▶ _SUPPLIED INFORMATION_
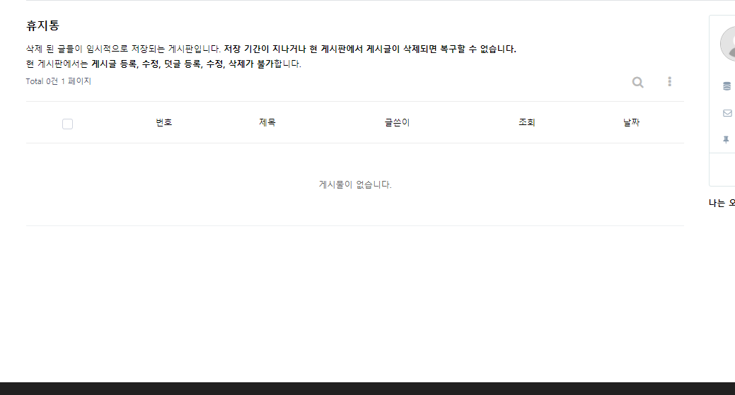 정상적으로 적용한 후에 휴지통 게시판을 접근하면 위 캡쳐 화면처럼 구성된 게시판이 보이게 됩니다.
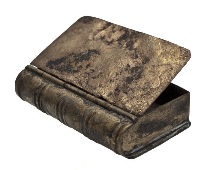 Messing doos, in de vorm van gebonden boek, rozenkra...
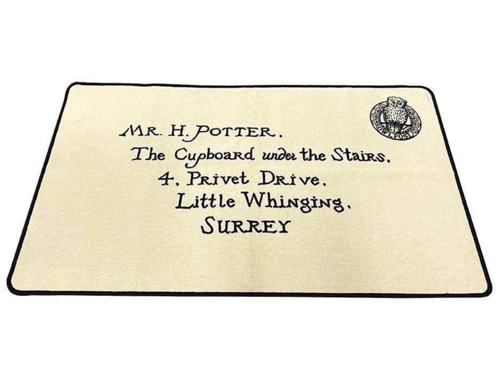 Vnitřní rohožka béžové barvy s vyobrazením obálky dopisu s přijetím Harryho Pottera do školy a čar kouzel v Bradavicích.

▶ _TASK REQUIREMENTS_
Every line above should be retyped exactly; the pictures do not belong in the copy.

▶ _REPLY_
 정상적으로 적용한 후에 휴지통 게시판을 접근하면 위 캡쳐 화면처럼 구성된 게시판이 보이게 됩니다.
 Messing doos, in de vorm van gebonden boek, rozenkra...
 Vnitřní rohožka béžové barvy s vyobrazením obálky dopisu s přijetím Harryho Pottera do školy a čar kouzel v Bradavicích.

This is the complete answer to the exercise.